In order to find differentially expressed genes between groups of spots, Space Ranger uses the quick and simple method sSeq (Yu, Huber, & Vitek, 2013), which employs a negative binomial exact test. When the counts become large, Space Ranger switches to the fast asymptotic beta test used in edgeR (Robinson & Smyth, 2007). For each cluster, the algorithm is run on that cluster versus all other spots, yielding a list of genes that are differentially expressed in that cluster relative to the rest of the sample.

Space Ranger's implementation differs slightly from that in the paper. In the sSeq paper, the authors recommend using DESeq's geometric mean-based definition of library size (Love, Huber & Anders, 2014). Space Ranger instead computes relative library size as the total UMI counts for each spot divided by the median UMI counts per spot. As with sSeq, normalization is implicit in that the per-spot library-size parameter is incorporated as a factor in the exact-test probability calculations.

## References

Baglama, J. & Reichel, L., Augmented Implicitly Restarted Lanczos Bidiagonalization Methods. SIAM Journal on Scientific Computing 27, 19–42 (2005).

Blondel, V. D., Guillaume, J.-L., Lambiotte, R. & Lefebvre, E. Fast unfolding of communities in large networks. Journal of Statistical Mechanics: Theory and Experiment 2008, (2008).

Love, M. L., Huber, W. & Anders, S., Moderated estimation of fold change and dispersion for RNA-seq data with DESeq2. Genome Biology 15, number 550 (2014).

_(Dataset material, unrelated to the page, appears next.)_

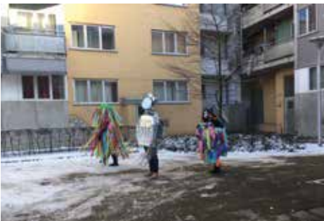
Research Week in collaboration with Faculty of Design Sciences - UAntwerp. IDW Antwerp

McInnes, L, Healy, J, UMAP: Uniform Manifold Approximation and Projection for Dimension Reduction. arXiv (2018).

Robinson, M. D. & Smyth, G. K. Small-sample estimation of negative binomial dispersion, with applications to SAGE data. Biostatistics 9, 321–332 (2007).

Van der Maaten, L., Accelerating t-SNE using Tree-Based Algorithms. Journal of Machine Learning Research 15, 3221-3245 (2014).

Yu, D., Huber, W. & Vitek, O., Shrinkage estimation of dispersion in Negative Binomial models for RNA-seq experiments with small sample size. Bioinformatics 29, 1275–1282 (2013).